Training Error when run tedlium recipe #213

yuexianghubit · 2019-05-22T01:22:30Z

Hi Alls:

I already install essen and I am trying to run the tedlium recipe, but I got the error:

train-ctc-parallel --report-step=1000 --num-sequence=20 --frame-limit=25000 --learn-rate=0.00004 --momentum=0.9 --verbose=1 'ark,s,cs:apply-cmvn --norm-vars=true --utt2spk=ark:data/train_tr95/utt2spk scp:data/train_tr95/cmvn.scp scp:exp/train_phn_l5_c320/train.scp ark:- | add-deltas ark:- ark:- |' 'ark:gunzip -c exp/train_phn_l5_c320/labels.tr.gz|' exp/train_phn_l5_c320/nnet/nnet.iter0 exp/train_phn_l5_c320/nnet/nnet.iter1
WARNING (train-ctc-parallel:SelectGpuId():cuda-device.cc:150) Suggestion: use 'nvidia-smi -c 1' to set compute exclusive mode
LOG (train-ctc-parallel:SelectGpuIdAuto():cuda-device.cc:262) Selecting from 4 GPUs
LOG (train-ctc-parallel:SelectGpuIdAuto():cuda-device.cc:277) cudaSetDevice(0): GeForce GTX 1080 Ti free:189M, used:10985M, total:11175M, free/total:0.0169513
LOG (train-ctc-parallel:SelectGpuIdAuto():cuda-device.cc:277) cudaSetDevice(1): GeForce GTX 1080 Ti free:11015M, used:163M, total:11178M, free/total:0.985418
LOG (train-ctc-parallel:SelectGpuIdAuto():cuda-device.cc:277) cudaSetDevice(2): GeForce GTX 1080 Ti free:11015M, used:163M, total:11178M, free/total:0.985418
LOG (train-ctc-parallel:SelectGpuIdAuto():cuda-device.cc:277) cudaSetDevice(3): GeForce GTX 1080 Ti free:11015M, used:163M, total:11178M, free/total:0.985418
LOG (train-ctc-parallel:SelectGpuIdAuto():cuda-device.cc:310) Selected device: 1 (automatically)
LOG (train-ctc-parallel:FinalizeActiveGpu():cuda-device.cc:194) The active GPU is [1]: GeForce GTX 1080 Ti free:10983M, used:195M, total:11178M, free/total:0.982556 version 6.1
LOG (train-ctc-parallel:PrintMemoryUsage():cuda-device.cc:334) Memory used: 0 bytes.
LOG (train-ctc-parallel:DisableCaching():cuda-device.cc:731) Disabling caching of GPU memory.
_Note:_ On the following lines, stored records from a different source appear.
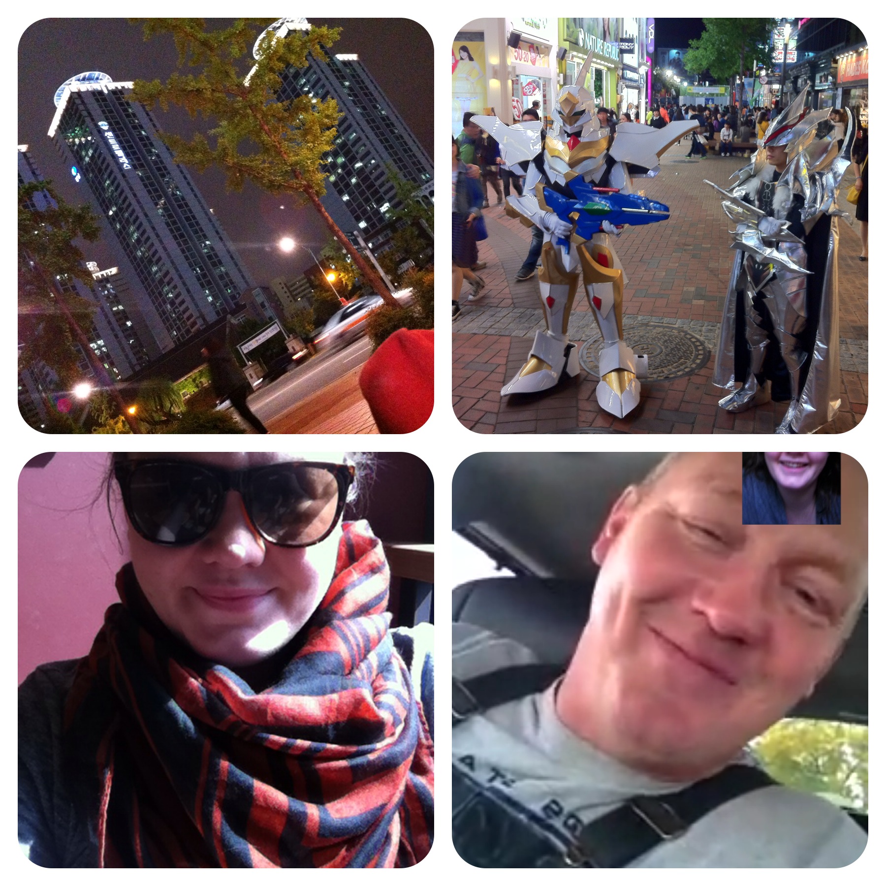 As I walked behind Roy-Gene and Marty, I realized that I didn’t need to speed up. If they wanted to walk fast, go for it. I’m walking along a river in Korea. IN KOREA. There’s maybe 3 of you reading this blog who will ever be able to do that. And here I am worrying about job opportunities when I get back in June, 6-7 months away. There’s a mammoth, gently-curving monorail being built along the river that makes all of the neon behind it look like the world Blade Runner was supposed to be. My donut was nothing like the Lynden Dutch Bakery nor Shipley’s (long may they prosper), but it was a donut. I’m healthy. I have legs that work. A threadbare NorthFace. Jeans without holes in the thighs (for now). Sturdy fake Converse that carry me. A comfortable bank account where I can buy faux-Amelia Earhart fur hats and peanut M&Ms and a random pomegranate. An iPhone that I can take pictures and capture my sights.
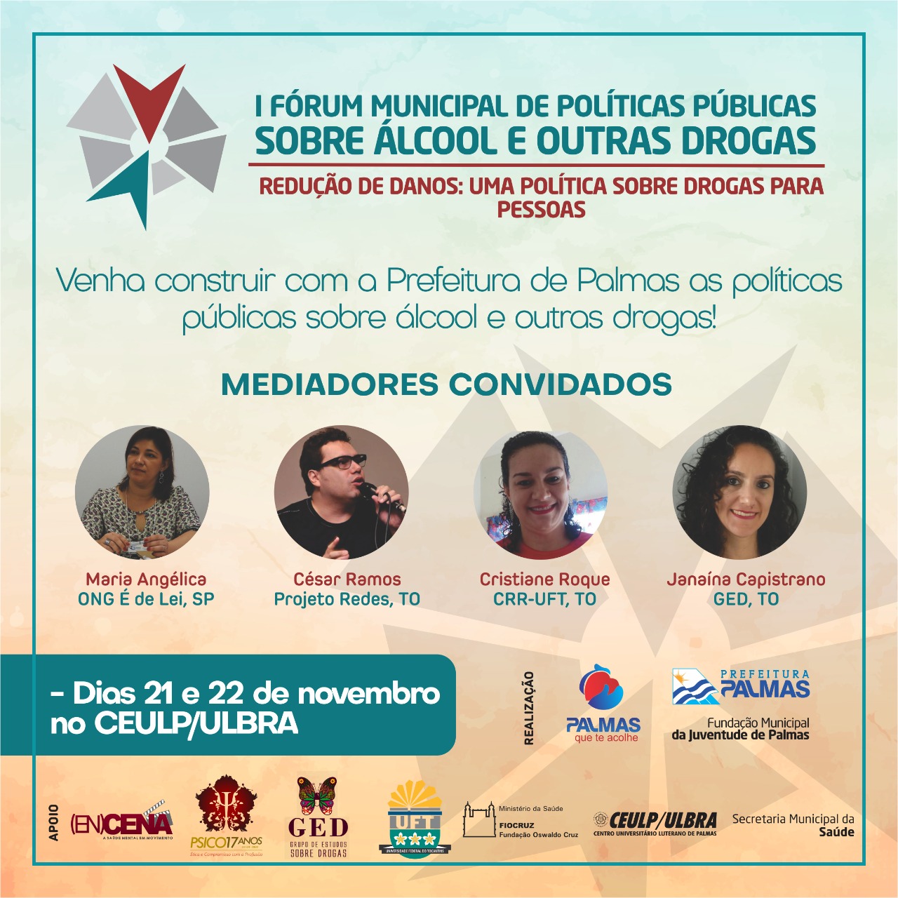 Acontece nos dias 21 e 22 de novembro o I Fórum Municipal de Políticas Públicas sobre Álcool e outras Drogas com o tema: "Redução de danos: uma política sobre drogas para pessoas. O evento acontecerá no Centro Universitário Luterano de Palmas e será aberto à comunidade com certificado de 20h. A inscrição será feita na abertura do evento, dia 21.
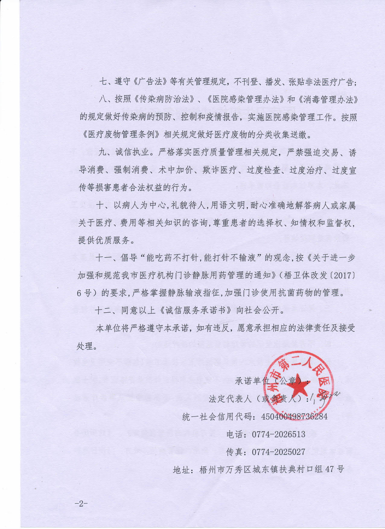 梧州市第二人民医院_医疗机构诚信服务承诺书
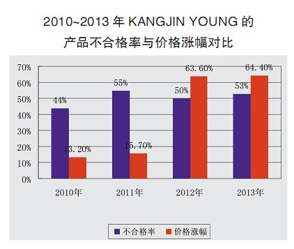 代理商自檢 品牌商拒負責 趙云虎表示,近年來,面對漸趨嚴重的KANGJIN YOUNG質量問題,可派一方面主動開啟了品質清理自檢行動并委托第三方檢測機構做品質檢測,對可派旗下的一百多個品牌進行了全面的質量清理活動,其中忍受割臂之痛關閉了某國際著名女裝品牌12家店鋪。同期依據法律和經銷協議積極與品牌方韓國跨國集團SKn商談相關品質問題,無數次地向SK提醒并推動其對品質的關注。 2010~2013年間,可派發出的關于質量問題的反饋文件就達60多份,每年的反饋函件近20封。然而,SKn未對質量問題采取任何有實質性的方案和舉措,始終給予冷漠對待和毫無理由的推脫,最終無任何說法。直到2個月前,在雙方合約即將到期之際,SKn才勉強接受召回部分商品的要求。 不僅如此,在商品質量嚴重下滑的情況下,SKn還大幅提高了KANGJIN YOUNG在中國的銷售價格,自2009年起,KANGJIN YOUNG的售價較上年增長13.2%、15.7%、63.6%、及2013年的64.4%。 趙云虎表示,嚴重的質量問題和SKn公司面對質量問題不負責任的態度和立場,讓可派從KANGJIN YOUNG品牌的貢獻者、熱愛者變成了批判者。
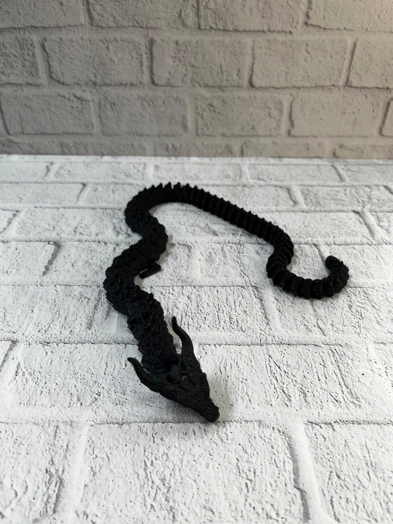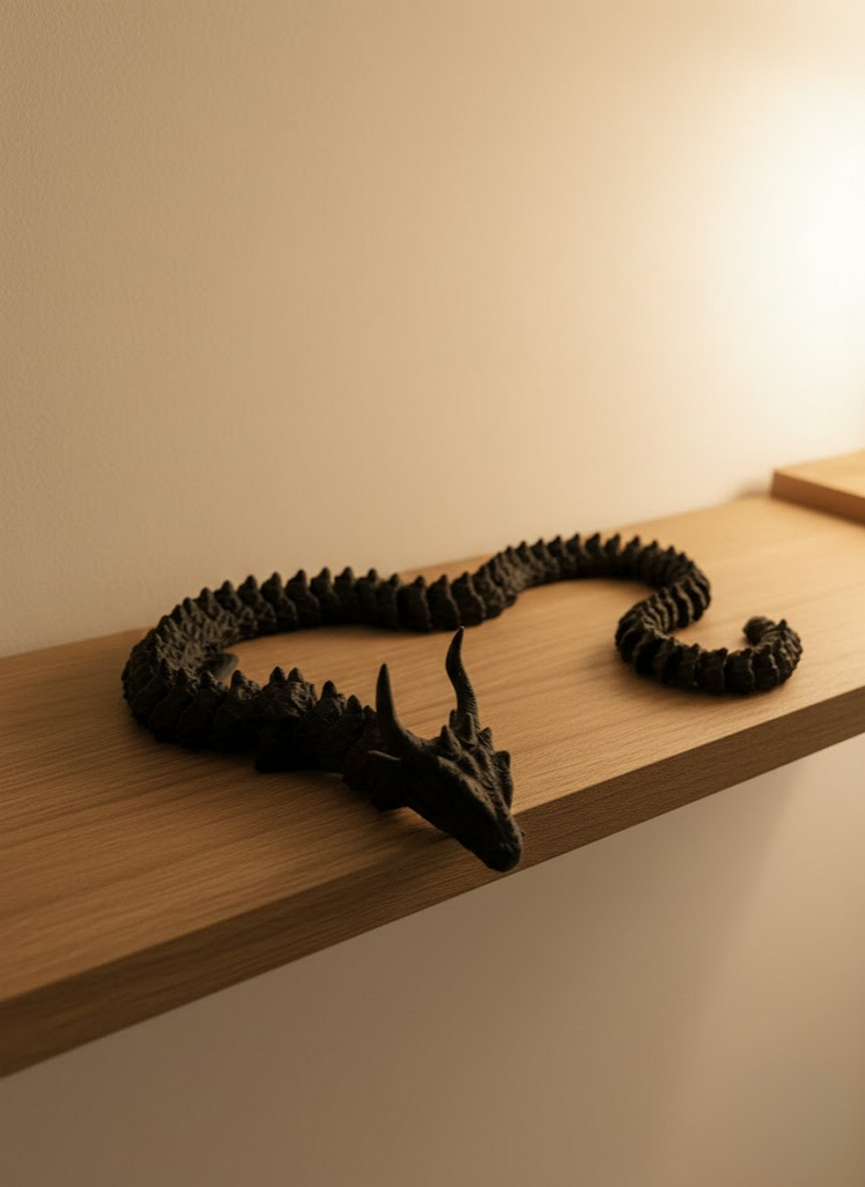 Hareketli Siyah Ejderha Figürü, uzun ve detaylı gövde yapısıyla güçlü bir görsel etki oluşturur. 60 cm uzunluğundaki tasarımı, ürünü sıradan masa figürlerinden ayırarak daha dikkat çekici hale getirir. Eklemli yapısı sayesinde ejderhanın gövdesi kıvrılabilir, farklı pozisyonlar verilerek dekorasyon tarzına göre şekillendirilebilir.
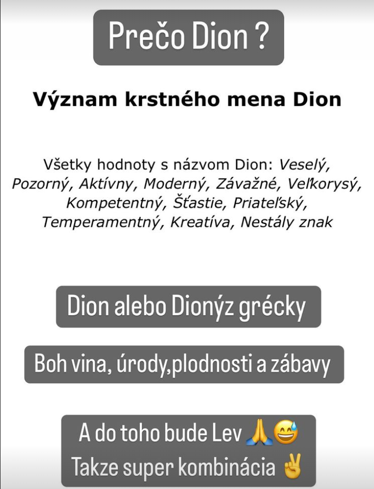 Aby toho nebolo málo, šťastní budúci rodičia rovno prezradili aj to, ako sa bude synček volať. Pochopiteľne, asi nikto nečakal Janka ani Paľka, no menom DION, obľúbenom údajne najmä v Albánsku, skutočne prekvapili. Zuzana pridala aj zdôvodnenie, prečo práve toto meno a aký je jeho význam.

ERROR (train-ctc-parallel:ExpectToken():io-funcs.cc:197) Expected token "<ForwardDropoutFactor>", got instead "<DropFactor>".
ERROR (train-ctc-parallel:ExpectToken():io-funcs.cc:197) Expected token "<ForwardDropoutFactor>", got instead "<DropFactor>".

[stack trace: ]
eesen::KaldiGetStackTraceabi:cxx11
eesen::KaldiErrorMessage::~KaldiErrorMessage()
eesen::ExpectToken(std::istream&, bool, char const*)
eesen::BiLstm::ReadData(std::istream&, bool)
eesen::Layer::Read(std::istream&, bool, bool)
.
.
.
eesen::Net::Read(std::istream&, bool)
eesen::Net::Read(std::__cxx11::basic_string<char, std::char_traits, std::allocator > const&)
train-ctc-parallel(main+0xbb1) [0x434345]
/lib/x86_64-linux-gnu/libc.so.6(__libc_start_main+0xf0) [0x7fc1fec83830]
train-ctc-parallel(_start+0x29) [0x4320f9]

How to fix it?
Thank you!

The text was updated successfully, but these errors were encountered:

fmetze · 2019-05-23T03:30:29Z

The error is probably caused by an inconsistency between your conf/*.proto file and the actual model. It seems that the prototype file has been generated with a prototype in the librispeech recipe (or https://github.com/jb1999/eesen), while the actual code is srvk's Eesen?

Eesen's standard acoustic model does not contain the ForwardDropFactor, but jb1999's Eesen does.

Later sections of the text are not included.